Лукашин, с блуждающей улыбкой на губах, подошел к окну, по привычке протянул руку. Шерстяной платок съехал с плеча Анфисы, мелькнула голая рука.

Он отвел глаза в сторону, заговорил приглушенно, с хрипотцой, словно боялся спугнуть ночную тишину.

– Никак не привыкну к этим ночам. Откроешь глаза – день, посмотришь на часы – ночь. Ну и, как говорится, перепутал день и ночь. – Лукашин натянуто рассмеялся, встретился с ней глазами. – А вот вы чего не спите?

– Я-то? – улыбнулась Анфиса и зябко прижала платок к груди. – Да тоже чего-то стала путать.

Она покраснела, и Лукашину показалось, что на щеках ее, у переносья, отчетливо выступили темные крохотные веснушки, которые сразу придали ее лицу какое-то удивительно милое, простодушное выражение. И это было для него так необычно, так ново, что он даже подался вперед, чтобы получше разглядеть ее лицо. Но Анфиса, видимо устыдившись своей шутки, тотчас же поправилась:

– Нет, от забот не спится. – И на него снова глядели знакомые, серьезные и немного печальные глаза.

– Да, вот какие дела… – только и смог протянуть Лукашин.

Странно, он никогда не присматривался к ней как к женщине. А она… Ему вдруг вспомнились слова Варвары: «Она ведь какая? За стол села Фиской, а вышла Анфисой Петровной». И то, что эта вечно озабоченная Анфиса Петровна, такая сдержанная и даже холодная, неожиданно приоткрылась ему Фиской, наполнило его волнующей радостью. И вся эта белая ночь, от которой он изнывал и томился, стала для него еще прекрасней и загадочней.

Где-то далеко, в конце деревни, тявкнула спросонья собака. Лукашин поднял глаза к Анфисе. Лицо ее опять светилось улыбкой.

– Что же это я вас под окном держу? – вдруг спохватилась она. – Заходите в гости. Вы ведь у меня еще не бывали.

– В гости? – Лукашин оглянулся. Откровенно говоря, он шел совсем в другие гости.

Она поняла по-своему: боится бабьих пересудов.

– Ничего, ничего. Заходите, я хоть молоком вас угощу.

И вот шаги Лукашина уже в заулке. Анфиса бросается к кровати, лихорадочно поправляет постель. И чего она, глупая, всполошилась? Экая важность, человек в гости зайдет. А шаги уже на крыльце, в сенях. Анфиса взглянула на себя. Батюшки, она в исподнем…

– Можно?

– Входите, входите! – звонко крикнула Анфиса из другой комнаты. – Я сейчас…

Стоя перед зеркалом, она торопливо натягивала на себя свою любимую кофту распашонку из синей бумазеи с белыми пуговками. Но на этот раз кофта показалась ей какой-то уж чересчур заношенной, неприглядной. Откинув ее в сторону, Анфиса раскрыла сундук и, волнуясь, стала рыться в своих залежалых нарядах. На дне сундука нащупала руками скользкий шелк, вытащила. Чем-то цветастым, далеким и шумным опахнуло ее.

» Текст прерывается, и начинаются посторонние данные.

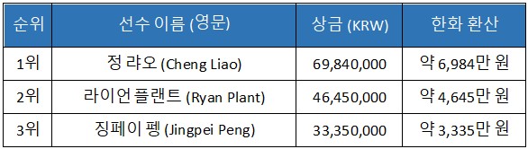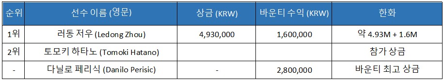 싱글 데이 하이롤러 이벤트에는 134명이 참가해 KRW 289,440,000의 순상금 풀을 형성했다.

Она почти вбежала в комнату. Лукашин, занятый рассматриванием карточек в застекленных рамках на передней стене, обернулся на шаги и снова, как давеча, когда он увидел Анфису в окне, не смог скрыть изумления. У него было такое ощущение, словно Анфиса сошла с фотокарточки, которую он только что разглядывал.

Она стояла перед ним в голубой кофточке, отливающей веселым блеском, и улыбающееся лицо ее, залитое стыдливым румянцем, сияло какой-то неудержимой молодостью и счастьем. И это было так необычно, так не вязалось с ее всегдашним видом, что он невольно покачал головой.

– Что? Больно переменилась? – кивнула Анфиса на карточку и вдруг еще пуще застыдилась: на ногах у себя она увидела большие серые растоптанные валенки, в которых ходила дома.

Лукашин, смеясь, что-то отвечал ей, но она не поняла ни единого слова. Все еще разглядывая валенки и чувствуя себя страшно неудобно в этой кофтенке, которая так и поджимала под мышками, она со злостью подумала: «Вынарядилась, дуреха. Хоть бы праздник какой. А то середи ночи. Что подумает он?..»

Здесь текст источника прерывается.